[RECORDS TO USE]:
---

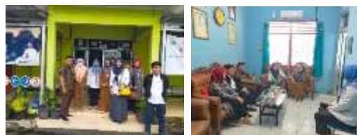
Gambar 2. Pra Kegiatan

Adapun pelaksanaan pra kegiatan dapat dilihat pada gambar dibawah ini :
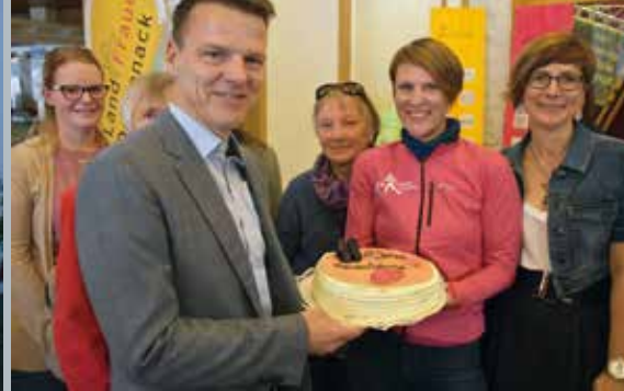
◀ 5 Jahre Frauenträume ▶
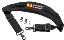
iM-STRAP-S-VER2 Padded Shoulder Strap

---

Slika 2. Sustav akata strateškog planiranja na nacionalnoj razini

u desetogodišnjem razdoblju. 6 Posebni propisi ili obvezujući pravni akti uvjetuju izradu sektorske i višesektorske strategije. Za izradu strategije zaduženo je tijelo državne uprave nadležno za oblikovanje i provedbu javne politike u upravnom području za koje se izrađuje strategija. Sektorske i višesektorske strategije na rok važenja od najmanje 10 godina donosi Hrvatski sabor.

---

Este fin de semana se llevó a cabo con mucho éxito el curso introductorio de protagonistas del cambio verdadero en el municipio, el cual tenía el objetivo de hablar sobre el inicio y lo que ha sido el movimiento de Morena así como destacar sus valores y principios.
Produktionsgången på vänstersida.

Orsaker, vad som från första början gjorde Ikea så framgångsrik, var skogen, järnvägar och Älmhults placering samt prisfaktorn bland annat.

---

A clean copy is needed of the lines in the listing above from the one with "Adapun pelaksanaan pra" through the one with "iM-STRAP-S-VER2 Padded Shoulder Strap", exact in every word and free of pictures.

[ANSWER FOR THE TASK]:
Adapun pelaksanaan pra kegiatan dapat dilihat pada gambar dibawah ini :
◀ 5 Jahre Frauenträume ▶
iM-STRAP-S-VER2 Padded Shoulder Strap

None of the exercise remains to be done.